14 September 2007

Clearing smoke

11:30AM

Having finished lunch with the group at the Cathedral Beach picnic area, I’m sitting at a table on a sandbar in the Merced River, which is slow, narrow and shallow at the moment. Though it’s a cool day, it's also sunny and the steady breeze has leared some of the haze. While I sit here basking in the sun, this is my view.

We started out the morning at the base of Bridal Veil Falls, a thin wisp of water falling off the edge with mist blowing up and back, forming a multi-colored corona above the cliffs. When the Bridal Veil is really flowing, I understand one gets soaked at the spot on which we were standing. As it was today, our cameras are dry (good) and my photographs pretty ordinary (oh well). From there we split up, wandering out amongst the rocks, through the woods searching out the softer light and those eye-catching views, large and small, about which Mark is teaching us.

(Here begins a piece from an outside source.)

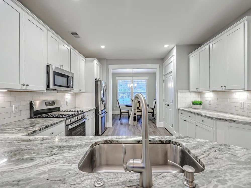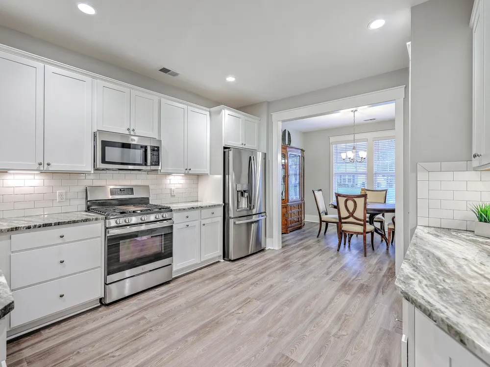 Beautiful home in Cresswind! This 55+ community is amazing and perfect for active adults, where every detail caters to comfort, convenience, sophistication and style! This floorplan offers 9' ceilings, new LVP flooring, neutral paint color and high end upgrades throughout. Kitchen features granite countertops, subway tile backsplash, loads of cabinets, stainless steel appliances (including gas range), roll-out shelves, recessed lighting and counter bar. Separate dining room opens to the kitchen and is perfect for formal gatherings. The living area is huge! It offers an additional dining space, has lots of natural light and gives access to the screened porch. The master suite features tray ceilings, TWO walk-in closets, dual granite vanities and largetile-surround shower. Spacious secondary bedrooms and full bath with tub/shower. Nice screened porch is perfect for relaxing and backs to a wooded buffer. This community is incredible! It's 55+ at it's best and offers the greatest of amenities...Clubhouse, fitness center, swimming pool, tons of activities and outdoor recreation like tennis, bocce & pickleball courts, walking trails and more. Come visit today!

Since things were so contrasty, I experimented with black-and-white and, naturally, given where I am and in homage to Ansel Adams, the red filter.

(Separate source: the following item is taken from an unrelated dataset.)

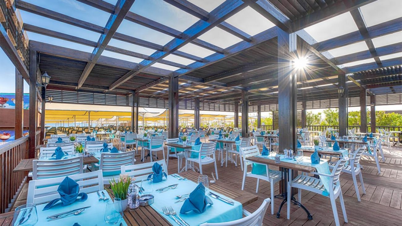 Плаж: Собствена пясъчна плажна ивица на 700 м от хотела, до която е осигурен безплатен шатъл бус. Безплатно ползване на чадъри, шезлонги и матраци на плажа и при басейна. Разполага и с бар на плажа.
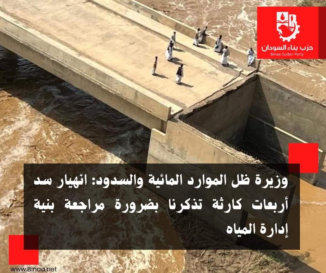 كما تؤكد وزارة الموارد المائية والسدود في حزب بناء السودان على أن عملية إعادة تأهيل هيكل السدود يجب أن تتماشى مع معايير عالية تأخذ في الاعتبار الفيضانات المستقبلية وأي حوادث متعلقة بمستويات المياه. ستظل الوزارة ملتزمة بالعمل مع جميع مستويات الحكومة والمجتمع المدني لمعالجة الاحتياجات العاجلة للمتضررين ومنع وقوع مثل هذه المآسي مرة أخرى.

This expedition is affording me time and space, not only to think and ponder, but to get to know my camera better and to reclaim an understanding of the interplay among ISO values, shutter speed and f-stop. Our fully programmed cameras are a wonder – easy and quick, but I’m having a blast using the light meter and running on manual.

4:30 PM

Now I’m resting my feet at Glacier Point, where we are waiting for sunset and the chance to photograph Half Dome in the warming light. Sitting on a rock wall, my back to the sun, I've been so comfortable – up until a very few moments ago. The sun has dropped below the trees and I’m beginning to shiver.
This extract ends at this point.